B. Uygun’un söylediklerinden anladığım kadarıyla, “İçki içenler başarısız olurlar, içmeyenler de başarılı… Hele bir de üstelik la ilahe illallah dersen, tüm akan sular durur…” Demek Sivasspor’da oynayan Diallo, Petkoviç, Bilica, Oliveria, Sylla, Tum, Kamanan, Balili gibi oyuncular da içki içmiyor, la ilahe illallah diyormuş. Cemal Ersen şöyle diyor: “Büfeye kapıcı çocuğunu mu yolluyor? Onları oruç tutmaya zorlayamayacağınız gibi, alkol almaktan nasıl uzak tutabiliyorsunuz?” (Milliyet, 28.3.2009) Aynı gün, aynı gazetede Ercan Güven de şöyle diyor: “Sen ve ekibin dindar olabilir. Peki Hacettepeliler, Kocaelisporlular, Antalyasporlular, Konyasporlular ve onların teknik direktörleri dinsiz imansız mıdır ki Süper Lig’den düşmek üzeredirler?..”
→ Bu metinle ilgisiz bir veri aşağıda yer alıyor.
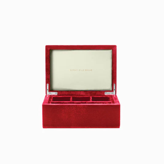 Discover Sophie Bille Brahe's collection of jewelry boxes, perfect for storing and protecting your most precious pieces. The jewellery box collections consist of colorful options in plush velvet with satin lining in various sizes. The smaller Velvet Boxes and the Boîtes are edged with an elegant rope tassel, while Trésor and Trésor Grande feature a compartmentalized interior to organize your most cherished items.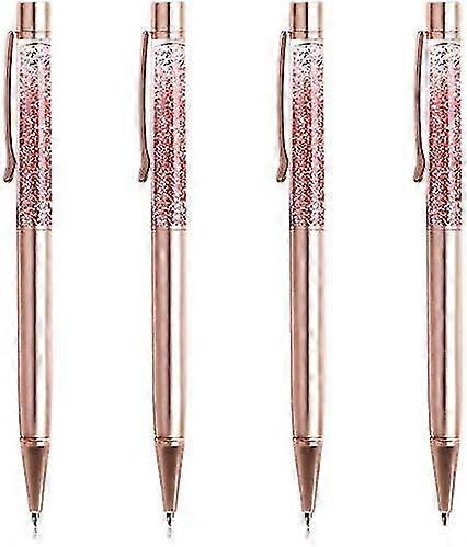 Ballpoint Pens, 4 Pcs Rose Gold Metal Pen Refills Bling Dynamic Liquid Sand Pen Black Ink For Office Supplies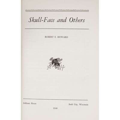 (Science Fiction & Horror) 1 Vol. Howard, Robert E. Skull-Face and Others. Sauk City: Arkham House, 1946. First edition. 8vo, original black cloth, spine gilt, dust jacket. Near Fine+ or better copy.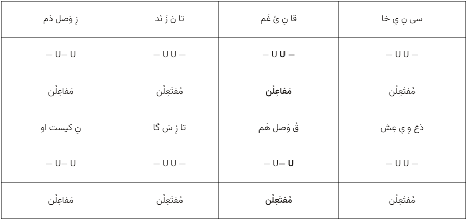 حرف عجیبی زدند: هجای بلند (—)، هجای کوتاه (U)، هجای بلند (—)، هجای بلند (—)، هجای بلند (—)، هجای کوتاه (U)، هجای بلند (—)
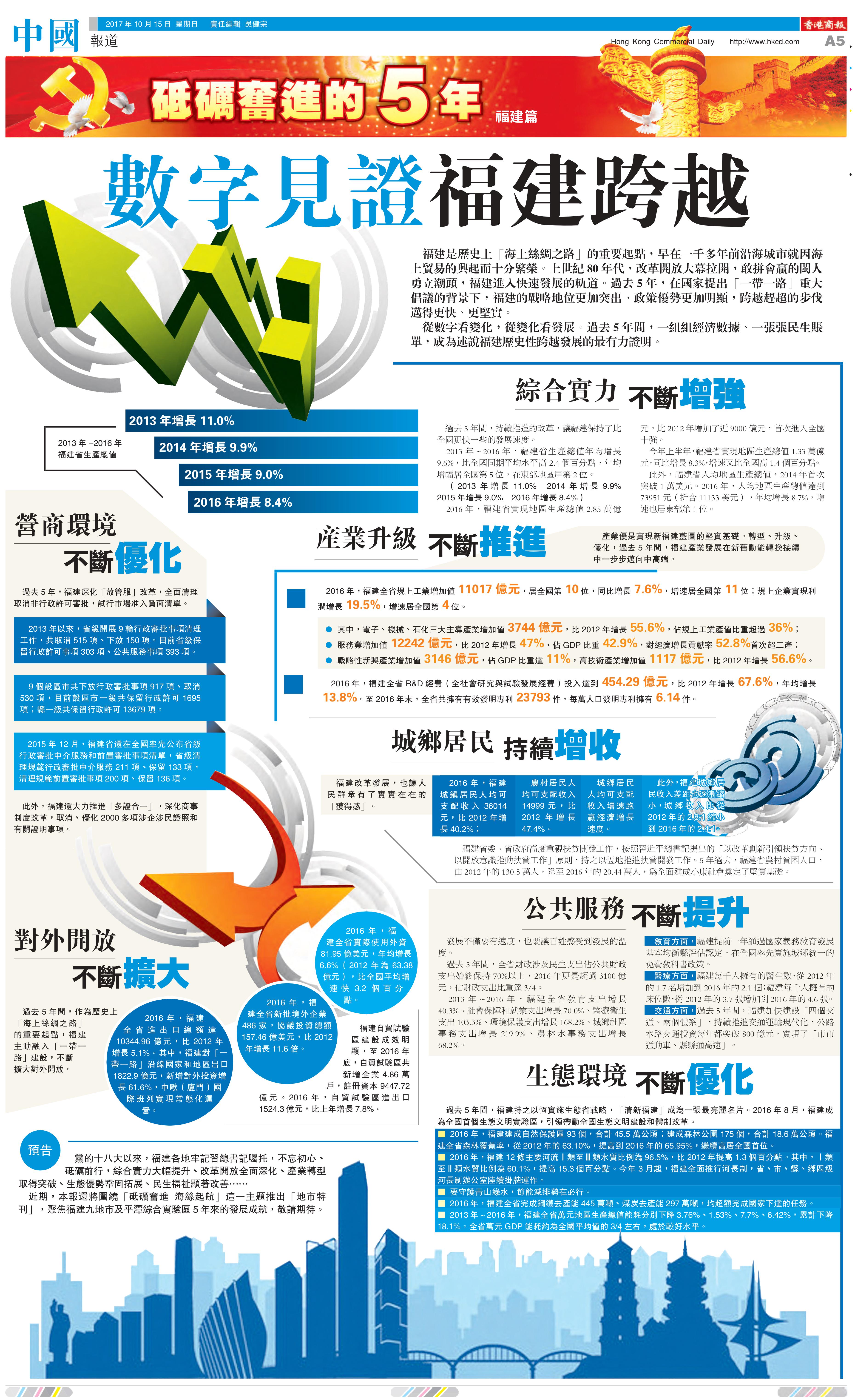 【香港商报网讯】記者田琴、鍾鍇报道:福建是歷史上「海上絲綢之路」的重要起點,早在一千多年前沿海城市就因海上貿易的興起而十分繁榮。上世紀80年代,改革開放大幕拉開,敢拼會贏的閩人勇立潮頭,福建進入快速發展的軌道。過去5年,在國家提出「一帶一路」重大倡議的背景下,福建的戰略地位更加突出、政策優勢更加明顯,跨越趕超的步伐邁得更快、更堅實。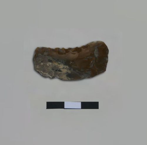 elemento di falcetto triangolare a ritocco piatto bifacciale con usura stralucida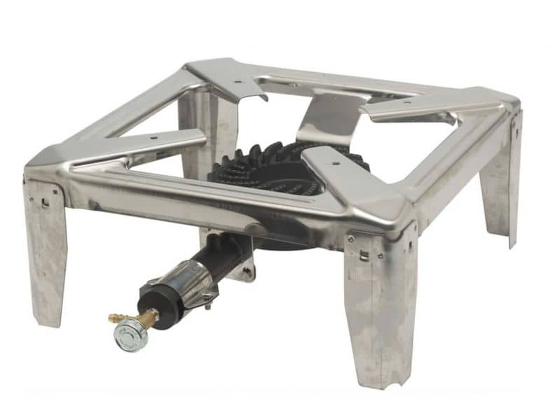 Large stainless steel gas burner with cast iron gas spout and regulating tap.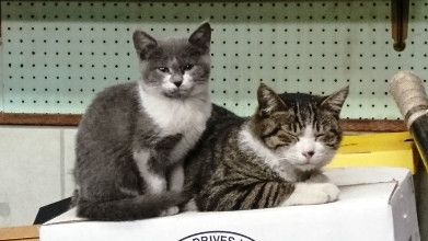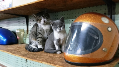 寒さを凌ぐ場所を探して2匹の子猫がお店の中に入り込んできました。まだ小さく、寒い外に放り出すのは命にもかかわるので、里親さまを探す運びとなりました。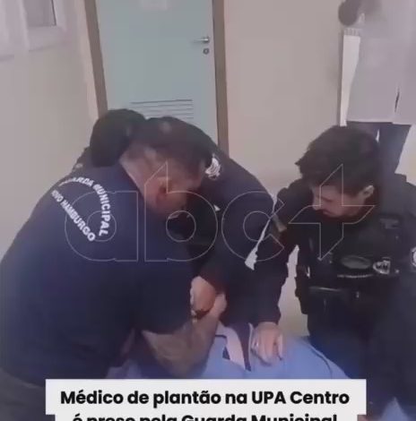 Guardas municipais que estavam na UPA se aproximaram e a confusão continuou, até que o médico foi contido, na real, jogado no chão por três guardas.

Süper Lig’de ve arkasından Avrupa Şampiyon Kulüpler maçlarında birinci olamazsa Sivasspor, o zaman antrenörün ve oyuncuların içkiye başladığını düşüneceğim…
“İmansız”ın yanında bir de “Amansız” çıktı. “Amansız”, Ulusal Takım’ın yeni reklam filminin ana sözcüğü. Dizinin ikinci filmi bu. Daha önce de robotumtrak ayaktopçular gösterilmişti. “La ilahe illallah” demedikleri için şampiyon olamamışlardı, sanırım.
Benzeri film yine vizyonda. Fatih Terim’in seslendirdiği bu yeni dizide “Amansız” sözcüğü sürekli kullanılıyor. Görüntüde de akrebinden domuzuna dek birçok vahşi yaratık var. Hepsi tamam, yakışmış. Ama akrebin ne işi vardı? Bilirsiniz akrep sıkıştırılınca kendini sokar ve öldürür. Neyse…
“Amansız”ın sözlükteki karşılıklarına bakmak aklıma gelmedi. İhsan Çaralan’ın “Bu bir spor skandalıdır!” başlıklı yazısından öğrendim. Şunlarmış: “Acımasız, acımaz, canavar, cabbar, dinsiz, domuz, gaddar, gavur, hain, haşin, hınzır, hunhar, imansız, insaniyetsiz, kalpsiz, kırıcı, kıyıcı, merhametsiz, müsamahasız, nemrut, sadist, taş yürekli, tiran, vicdansız, zalim.” (Evrensel, 29.3.2009) Ve İhsan Çaralan devam ediyor: “Bu anlamların sporla nasıl bir ilgisi vardır?..”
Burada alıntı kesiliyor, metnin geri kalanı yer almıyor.